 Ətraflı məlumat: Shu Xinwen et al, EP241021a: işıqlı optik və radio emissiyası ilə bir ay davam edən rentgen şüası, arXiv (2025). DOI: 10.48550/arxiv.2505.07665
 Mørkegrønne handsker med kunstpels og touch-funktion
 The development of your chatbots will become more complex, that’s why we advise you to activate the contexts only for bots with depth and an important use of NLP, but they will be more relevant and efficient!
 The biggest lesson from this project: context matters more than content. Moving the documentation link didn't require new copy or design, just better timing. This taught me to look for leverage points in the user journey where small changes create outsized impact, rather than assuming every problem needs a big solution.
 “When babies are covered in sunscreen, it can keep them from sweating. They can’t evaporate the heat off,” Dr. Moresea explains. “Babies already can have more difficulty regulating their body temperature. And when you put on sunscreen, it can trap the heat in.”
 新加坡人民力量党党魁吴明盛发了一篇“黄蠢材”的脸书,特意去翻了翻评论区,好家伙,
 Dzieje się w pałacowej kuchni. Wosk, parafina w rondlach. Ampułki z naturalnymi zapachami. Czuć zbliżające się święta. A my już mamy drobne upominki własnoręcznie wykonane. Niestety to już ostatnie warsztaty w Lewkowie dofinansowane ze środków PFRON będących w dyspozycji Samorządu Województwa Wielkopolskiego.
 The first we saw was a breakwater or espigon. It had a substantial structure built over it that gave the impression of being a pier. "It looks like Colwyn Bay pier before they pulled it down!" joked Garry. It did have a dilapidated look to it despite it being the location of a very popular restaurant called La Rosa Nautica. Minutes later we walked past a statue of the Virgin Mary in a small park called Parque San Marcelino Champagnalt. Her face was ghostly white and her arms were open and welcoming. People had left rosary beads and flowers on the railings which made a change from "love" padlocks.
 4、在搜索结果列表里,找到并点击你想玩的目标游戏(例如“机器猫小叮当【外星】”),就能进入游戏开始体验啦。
__________
AIM OF THE TASK >> Go line by line through the data above and report each one that holds the string "small".

SOLUTION TO THIS PROBLEM >>
 The biggest lesson from this project: context matters more than content. Moving the documentation link didn't require new copy or design, just better timing. This taught me to look for leverage points in the user journey where small changes create outsized impact, rather than assuming every problem needs a big solution.
 The first we saw was a breakwater or espigon. It had a substantial structure built over it that gave the impression of being a pier. "It looks like Colwyn Bay pier before they pulled it down!" joked Garry. It did have a dilapidated look to it despite it being the location of a very popular restaurant called La Rosa Nautica. Minutes later we walked past a statue of the Virgin Mary in a small park called Parque San Marcelino Champagnalt. Her face was ghostly white and her arms were open and welcoming. People had left rosary beads and flowers on the railings which made a change from "love" padlocks.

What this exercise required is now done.